This perplexing critique tells me to do exactly what my article (and public code) make clear that I did: compare groups of works matched by publication date.4There is also no “random stew” in the article. Da’s odd phrase conflates a random contrast set with a ghastly “genre stew” that plays a different role in the argument.

More importantly, Da’s critique suppresses the article’s comparative thesis—which identifies detective fiction as more stable than several other genres—in order to create a straw man who argues that all genres “have in fact been more or less consistent from the 1820s to the present” (p. 609). Lacking any comparative yardstick to measure consistency, this straw thesis becomes unprovable. In other cases Da has ignored the significant results of an article, in order to pour scorn on a result the authors acknowledge as having limited significance—without ever mentioning that the authors acknowledge the limitation. This is how she proceeds with Jockers and Kirilloff (p. 610).

In short, this is not an article that works hard at holistic critique. Instead of describing the goals that organize a publication, Da often assumes that researchers were trying (and failing) to do something she believes they should have done. Topic modeling, for instance, identifies patterns in a corpus without pretending to find a uniquely correct description. Humanists use the method mostly for exploratory analysis. But Da begins from the assumption that topic modeling must be a confused attempt to prove hypotheses of some kind. So, she is shocked to discover (and spends a page proving) that different topics can emerge when the method is run multiple times. This is true. It is also a basic premise of the method, acknowledged by all the authors Da cites—who between them spend several pages discussing how results that vary can nevertheless be used for interpretive exploration. Da doesn’t acknowledge the discussion.

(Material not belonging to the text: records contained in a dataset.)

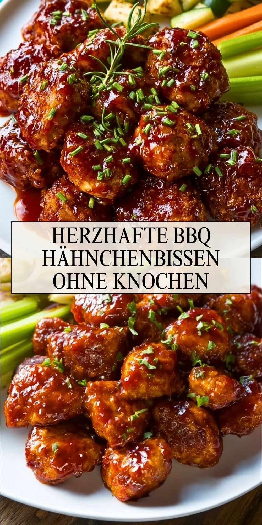Diese herzhaften BBQ Hähnchenbissen ohne Knochen sind außen leicht knusprig, innen zart und saftig und werden in einer würzig-rauchigen BBQ-Sauce serviert. Perfekt als Fingerfood, Partysnack oder schnelles Abendessen. Frische Kräuter und ein Spritzer Zitrone geben ihnen den letzten Kick!
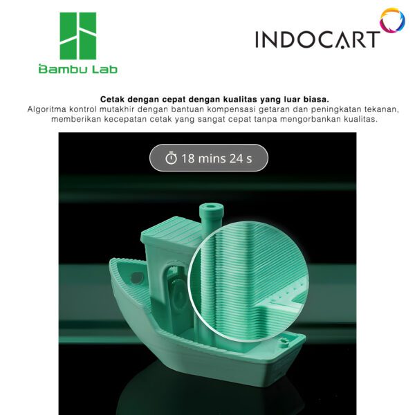 P1S juga mengusung kecepatan tinggi dan kualitas cetak luar biasa berkat algoritma canggih yang memadukan kompensasi vibrasi dan pressure advance.
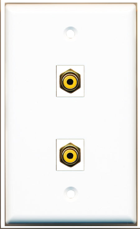 RiteAV - 2 Port RCA Yellow Wall Plate White - Bracket Included
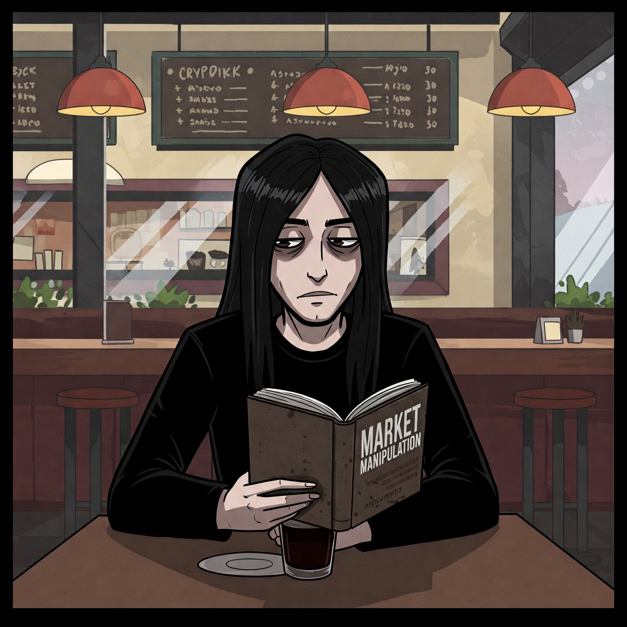 (CrypDikk sips his coffee, glancing back down at his book, the market's manipulations now a point of intellectual curiosity after a morning of active trading.)

Finally, “The Computational Case” performs some crucial misdirection at the outset by implying that cultural analytics is based purely on linguistic evidence and mainly diction. It is true that diction can reveal a great deal, but this is a misleading account of contemporary trends. Quantitative approaches are making waves partly because researchers have learned to extract social relations from literature and partly because they pair language with external social testimony—for instance the judgments of reviewers.Some articles, like my own on narrative pace, use numbers entirely to describe the interpretations of human readers.Once again, Da’s polemical strategy is to isolate one strand in a braid, and critique it as if it were the whole.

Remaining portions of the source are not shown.